**EXERCISE GOAL:**
Using the listing below, output only the lines from the one that contains "This picture was" through the one that contains "En redes sociales", inclusive, exactly as given and without images.

***** MATERIAL SHOWN

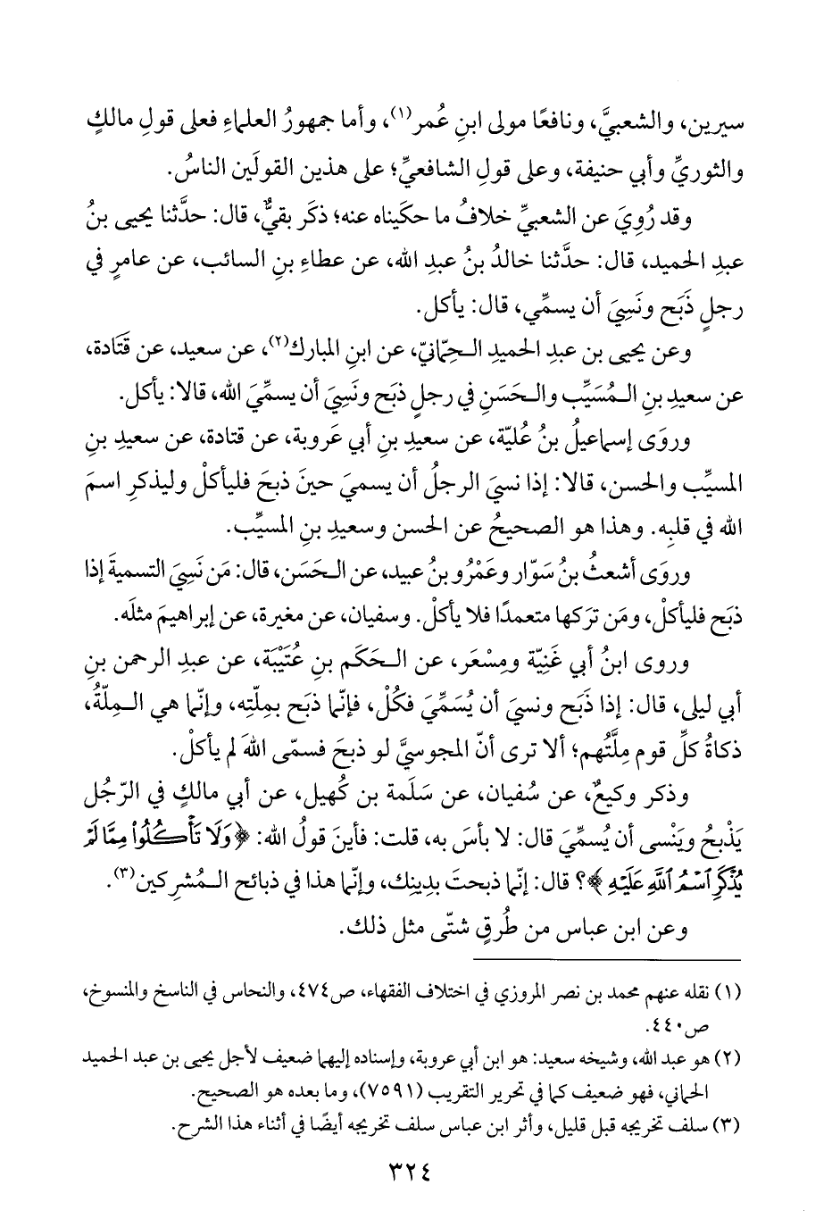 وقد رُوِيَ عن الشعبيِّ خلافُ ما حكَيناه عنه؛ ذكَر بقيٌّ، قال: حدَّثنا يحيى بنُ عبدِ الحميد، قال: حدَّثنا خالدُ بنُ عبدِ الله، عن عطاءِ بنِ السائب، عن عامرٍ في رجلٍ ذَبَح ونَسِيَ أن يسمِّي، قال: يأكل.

**********
***** MATERIAL SHOWN

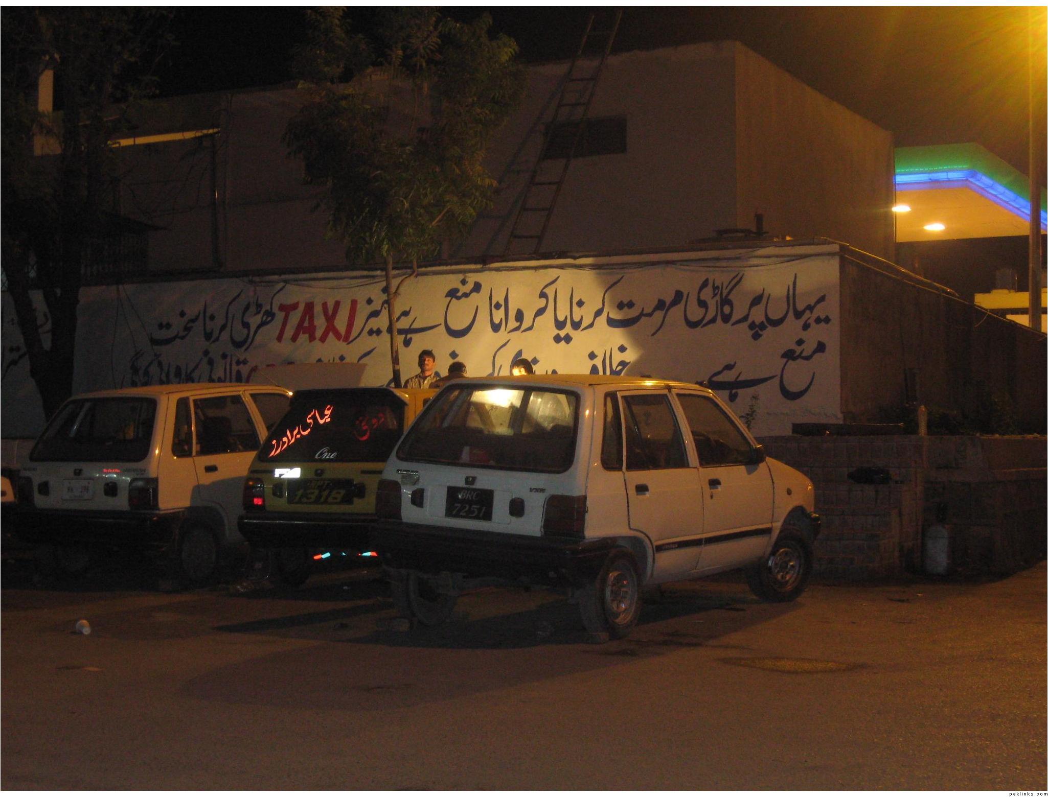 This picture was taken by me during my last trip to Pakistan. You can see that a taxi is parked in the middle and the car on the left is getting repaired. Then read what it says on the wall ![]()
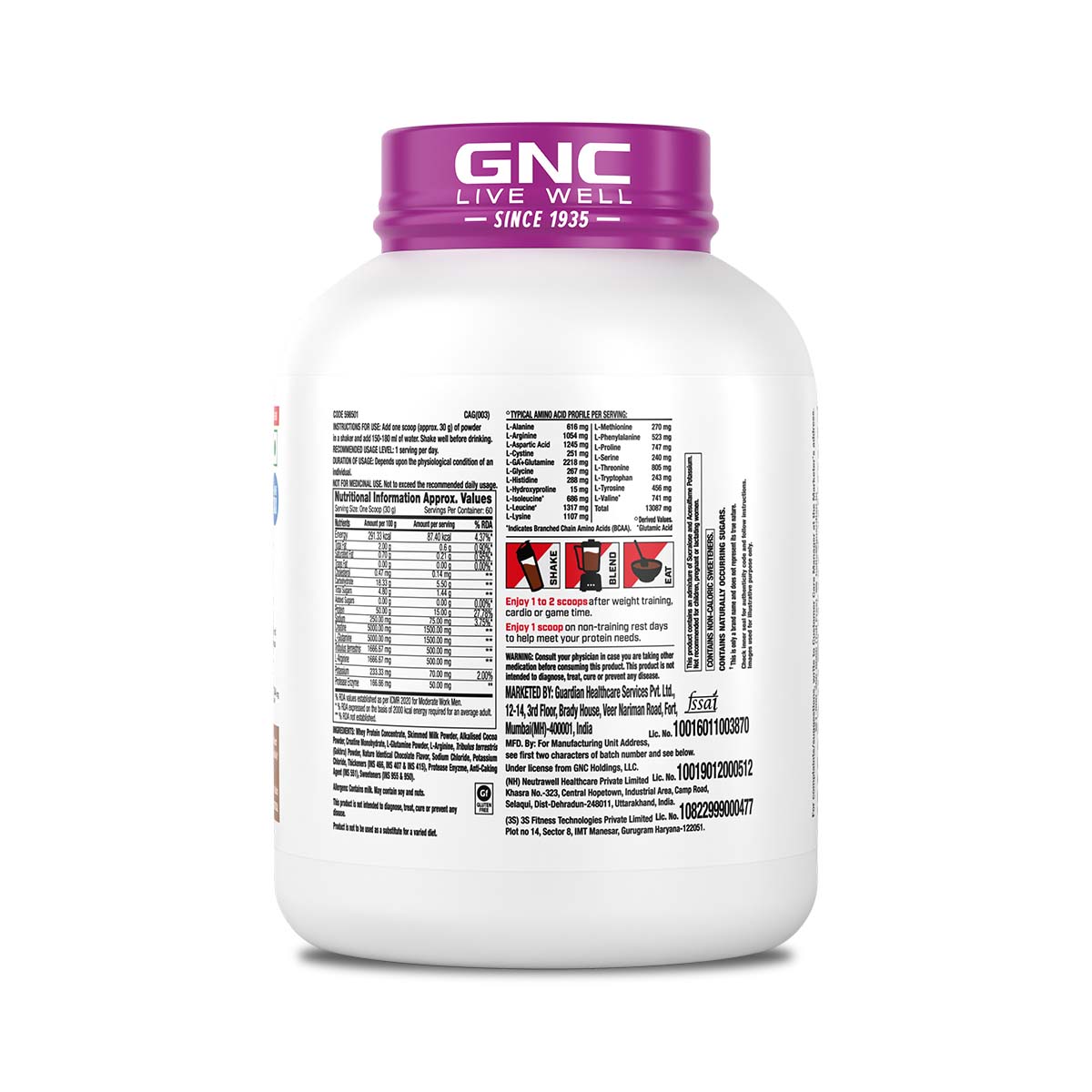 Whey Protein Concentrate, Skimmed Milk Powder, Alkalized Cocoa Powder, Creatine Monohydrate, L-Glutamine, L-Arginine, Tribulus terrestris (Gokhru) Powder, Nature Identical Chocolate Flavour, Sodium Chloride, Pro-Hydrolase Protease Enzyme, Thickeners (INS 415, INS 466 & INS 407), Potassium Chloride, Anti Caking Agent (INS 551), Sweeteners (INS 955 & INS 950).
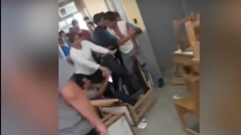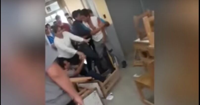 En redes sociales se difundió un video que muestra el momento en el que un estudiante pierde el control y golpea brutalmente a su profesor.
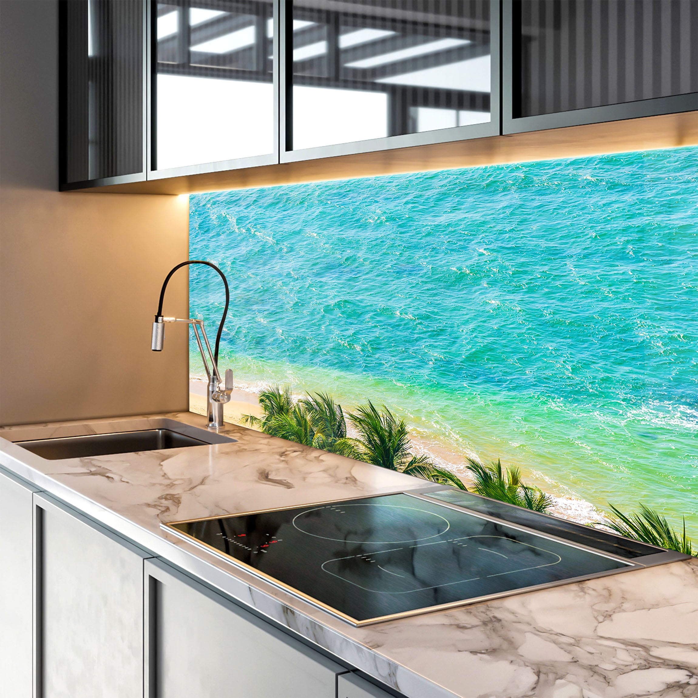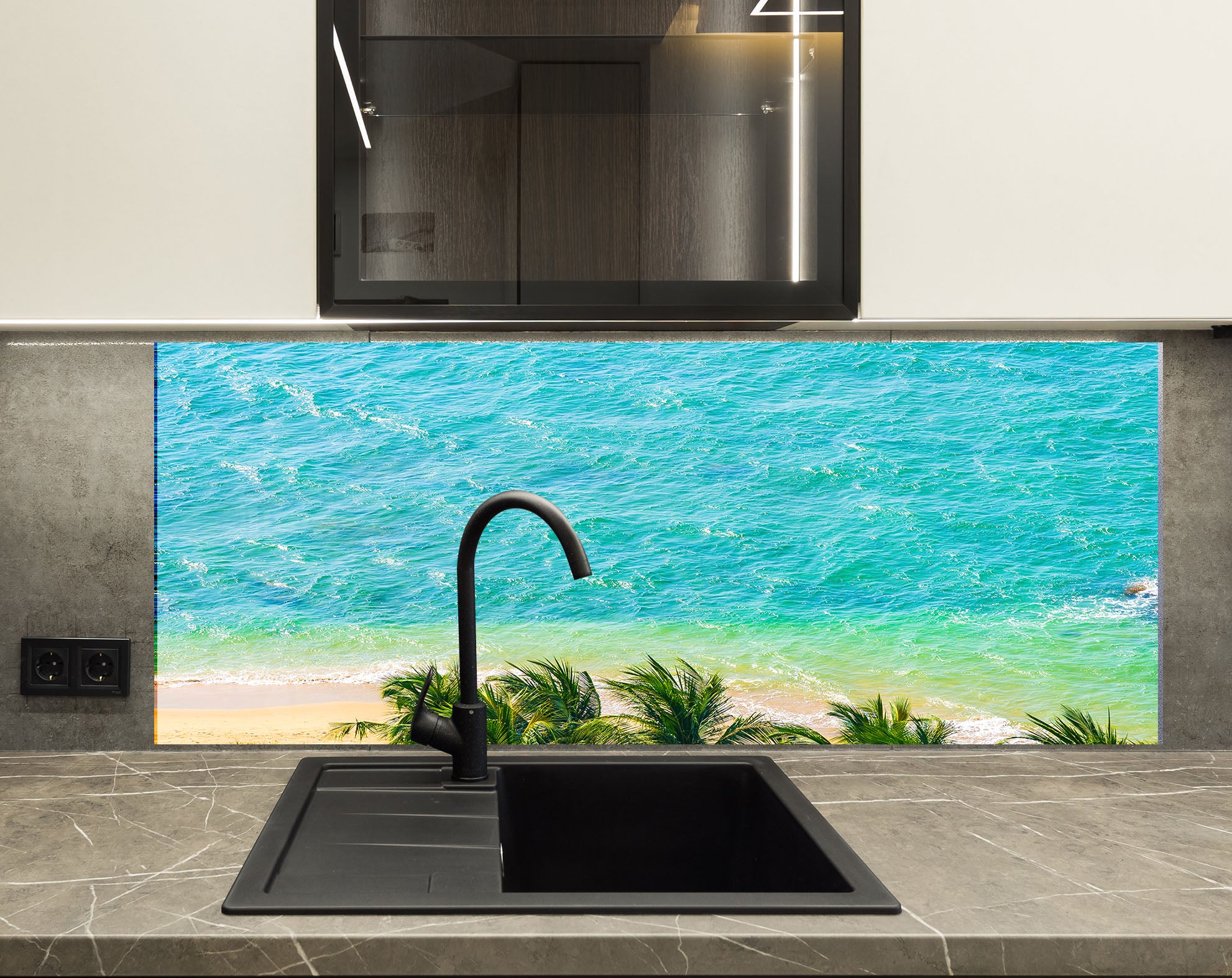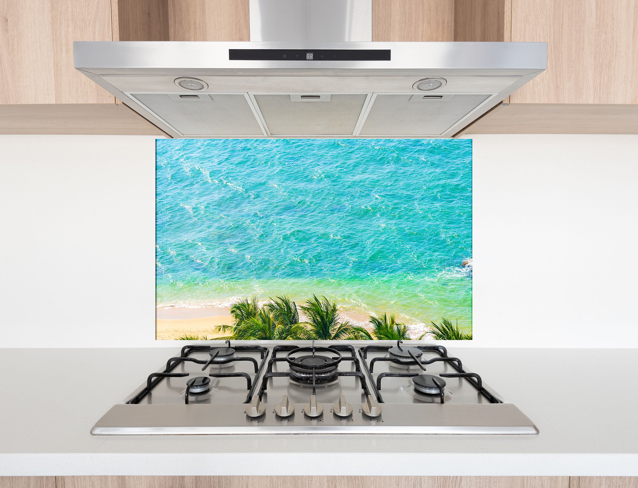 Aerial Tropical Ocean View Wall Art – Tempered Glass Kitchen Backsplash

**********

**WRITTEN SOLUTION:**
 This picture was taken by me during my last trip to Pakistan. You can see that a taxi is parked in the middle and the car on the left is getting repaired. Then read what it says on the wall ![]()
 Whey Protein Concentrate, Skimmed Milk Powder, Alkalized Cocoa Powder, Creatine Monohydrate, L-Glutamine, L-Arginine, Tribulus terrestris (Gokhru) Powder, Nature Identical Chocolate Flavour, Sodium Chloride, Pro-Hydrolase Protease Enzyme, Thickeners (INS 415, INS 466 & INS 407), Potassium Chloride, Anti Caking Agent (INS 551), Sweeteners (INS 955 & INS 950).
 En redes sociales se difundió un video que muestra el momento en el que un estudiante pierde el control y golpea brutalmente a su profesor.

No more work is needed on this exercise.